Experience Deploying ML

Jördening: What was your experience deploying ML in the beginning? Roland, for you, it's probably nowadays, and Monte for you it's then why did you jump into more the ML Ops part, or in your case the feature stores part?

Meertens: I think there's this famous paper by Google, I saw Francesca also referencing it, where you have hidden technical depth in machine learning systems.
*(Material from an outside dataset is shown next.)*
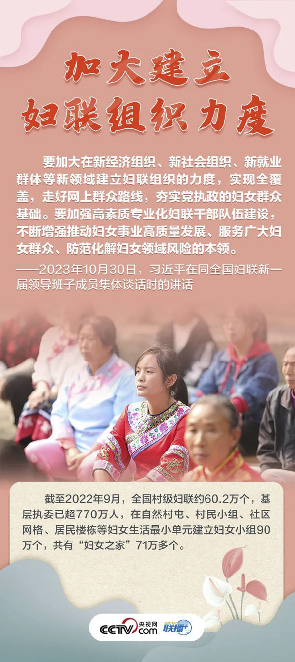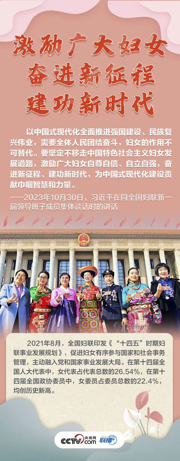 “妇联是党和政府联系妇女群众的桥梁纽带。”10月30日,习近平总书记同全国妇联新一届领导班子成员集体谈话并发表重要讲话,高度肯定巾帼力量,并为新形势下妇女事业和妇联工作发展指明方向。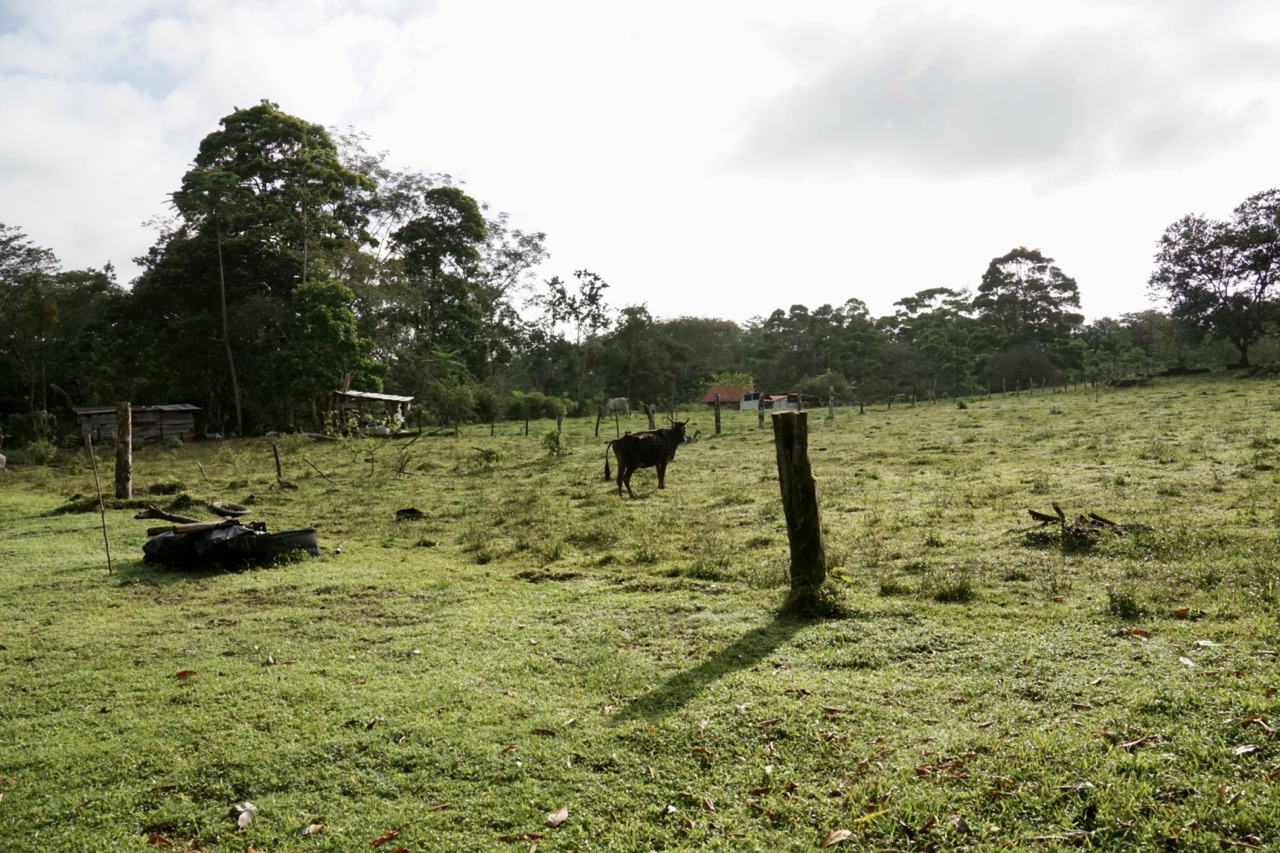 Mittlerweile war es später Nachmittag und wir machten uns auf, einen Schlafplatz zu finden. Unser erster Versuch, ein Wildcampingspot, war leider nicht erfolgreich. Zu viel Müll, zu wenig Platz und zu nass. Also weiter zu einem Campingplatz. Als wir da ankamen, war jedoch kein Mensch weit und breit zu sehen. Lediglich eine Kuh graste gemütlich auf der Rasenfläche. Daher hieß es auch hier: umdrehen. Auf unserem Rückweg lief uns dann ein winkender Mann entgegen, der, wie sich rausstellte, der Besitzer des Campingplatzes, beziehungsweise der Weide, war. Auch wenn er nur Spanisch sprach, gab er sich größte Mühe uns sein hübsches Plätzchen zu zeigen. In einen Holzschuppen hatte er Dusche und Toilette gebaut und auf der großen Rasenfläche gab es genug Platz für unser Auto, sowie einen Unterschlupf mit Strom. Als Highlight führte hinter dem Platz noch ein Fluss entlang, welcher ähnlich eines Gebirgsflusses, milchig türkis gefärbt war. Rundum gesagt, hatten wir ein wirklich gemütliches Plätzchen zum Schlafen gefunden.

They have this picture where you basically show the amount of machine learning code and the amount of all the other code. Basically, I think the machine learning algorithm is only a tiny thing, eventually, of the whole machine learning infrastructure. I think another famous example of someone who confirms this is Andrej Karpathy, who is now the lead computer vision engineer at Tesla, where he says, yes, when I was a PhD student, I cared a lot of my time about machine learning algorithms. Now that I'm at Tesla, 90% of my time, I care about data and ML Ops, and bringing this model into production. I think that ML Ops is really one of the most important parts of the machine learning algorithm. It's really how you go from the knowledge of how you can build an algorithm to actually making customers happy and verifying that everything is correct. That's why I like it so much, or that's why I moved more into that direction.
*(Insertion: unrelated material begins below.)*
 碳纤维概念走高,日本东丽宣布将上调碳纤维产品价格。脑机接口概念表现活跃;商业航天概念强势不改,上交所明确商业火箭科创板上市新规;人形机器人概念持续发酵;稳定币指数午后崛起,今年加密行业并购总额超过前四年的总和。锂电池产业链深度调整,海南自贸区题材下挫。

Zweben: I had a very similar experience, two companies that I worked at had an experience that was very similar. It's not just the amount of code. It's also the amount of people and the amount of time. The same thing goes for the amount of people that you need to hire for essentially assembling the pipelines into the models and pushing the models back out into the applications. You have a lot of people that are dedicated to this. From just a pure business sense, the P&Ls of companies that do machine learning, have a tremendous expense on the number of people. Then, if you look at the amount of time spent in operational machine learning environments, this amount of time is spent on experimentation, and this amount of time is spent on feature engineering and model Ops, and everything else.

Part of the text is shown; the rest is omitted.